Information about packages

show installed packages

  • show just the names of the installed packages (ordered)
sort(row.names(installed.packages()))
[1] "abind"           "acepack"         "AER"             "akima"          
  [5] "anchors"         "ape"             "base"            "bdsmatrix"      
  [9] "biglm"           "Biobase"         "BiocInstaller"   "bitops"         
 [13] "boot"            "car"             "CarbonEL"        "caTools"        
 [17] "chron"           "class"           "cluster"         "coda"           
 [21] "coda"            "codetools"       "coin"            "colorspace"     
 [25] "compiler"        "CompQuadForm"    "cubature"        "DAAG"           
 [29] "datasets"        "DBI"             "Deducer"         "DeducerExtras"  

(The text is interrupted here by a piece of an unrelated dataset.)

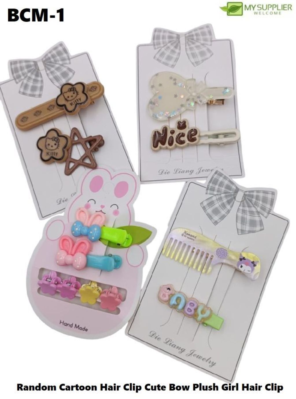 BCM-1 3pcs/2pcs(SET) Random Cartoon Hair Clip Cute Bow Plush Girl Hair Clip

 [33] "degreenet"       "Design"          "digest"          "diptest"        
 [37] "doMC"            "doSNOW"          "dynlm"           "e1071"          
 [41] "Ecdat"           "effects"         "ellipse"         "ergm"           

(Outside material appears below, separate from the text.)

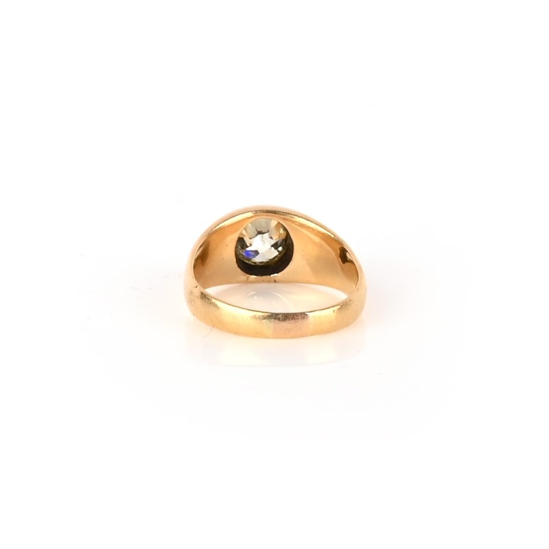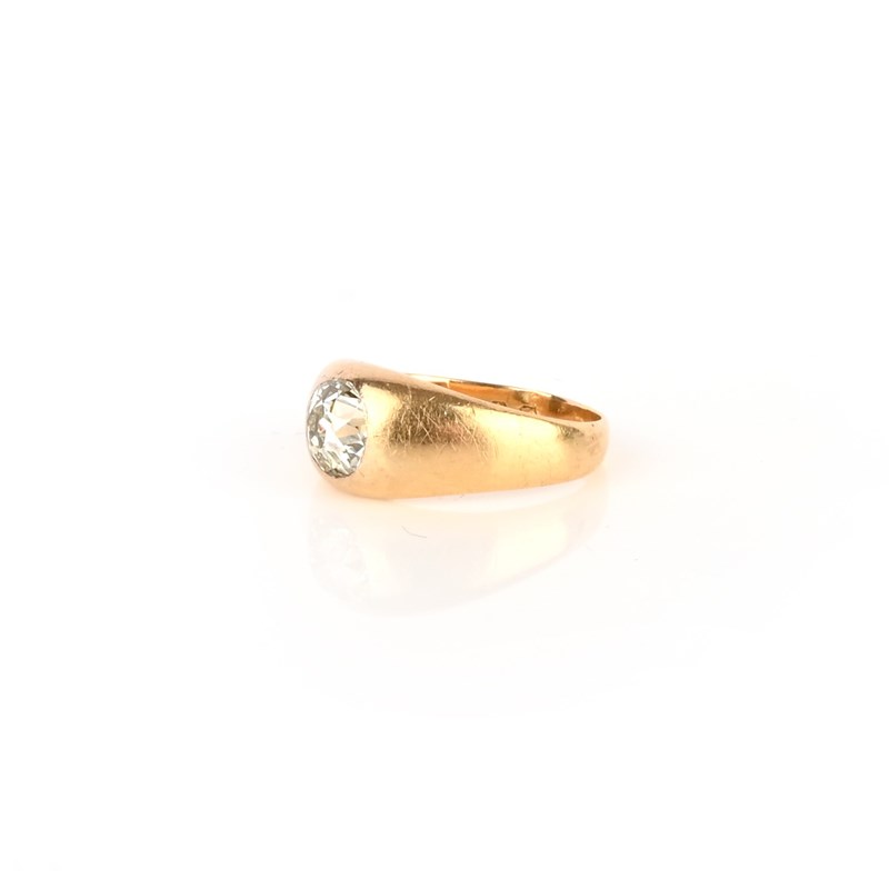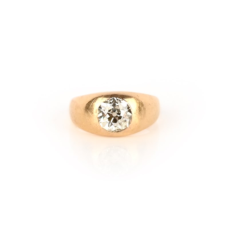 A Victorian diamond solitaire ring, the cushion-shaped diamond weighs approximately 1.90cts, rubover-set in 18ct yellow gold, Sheffield hallmarks for 1885, size S

 [45] "fBasics"         "fCalendar"       "fEcofin"         "flexmix"        
...
  • the command installed.packages() provides much more information:
colnames(installed.packages())
[1] "Package"   "LibPath"   "Version"   "Priority"  "Depends"   "Imports"  
 [7] "LinkingTo" "Suggests"  "Enhances"  "OS_type"   "License"   "Built"
  • so if you want to know the package and its version
installed.packages()[,c("Package","Version")] # you can also use the col numbers c(1,3)
Package           Version      
Biobase         "Biobase"         "2.14.0"     
BiocInstaller   "BiocInstaller"   "1.2.1"      
GenABEL         "GenABEL"         "1.6-9"      
multtest        "multtest"        "2.10.0"     
abind           "abind"           "1.3-0"      
acepack         "acepack"         "1.3-3.0"    
AER             "AER"             "1.1-7"      
akima           "akima"           "0.5-4"      
anchors         "anchors"         "3.0-7"      
ape             "ape"             "2.7-1"      
bdsmatrix       "bdsmatrix"       "1.0"        
...
  • show information about a package
packageDescription("multtest")
Package: multtest
Title: Resampling-based multiple hypothesis testing
Version: 2.10.0
Author: Katherine S. Pollard, Houston N. Gilbert, Yongchao Ge, Sandra
        Taylor, Sandrine Dudoit
Description: Non-parametric bootstrap and permutation resampling-based
        multiple testing procedures (including empirical Bayes methods)
        for controlling the family-wise error rate (FWER), generalized
        family-wise error rate (gFWER), tail probability of the
        proportion of false positives (TPPFP), and false discovery rate
        (FDR).  Several choices of bootstrap-based null distribution
        are implemented (centered, centered and scaled,
        quantile-transformed). Single-step and step-wise methods are
        available. Tests based on a variety of t- and F-statistics
        (including t-statistics based on regression parameters from
        linear and survival models as well as those based on
        correlation parameters) are included.  When probing hypotheses
        with t-statistics, users may also select a potentially faster
        null distribution which is multivariate normal with mean zero
        and variance covariance matrix derived from the vector
        influence function.  Results are reported in terms of adjusted
        p-values, confidence regions and test statistic cutoffs. The
        procedures are directly applicable to identifying
        differentially expressed genes in DNA microarray experiments.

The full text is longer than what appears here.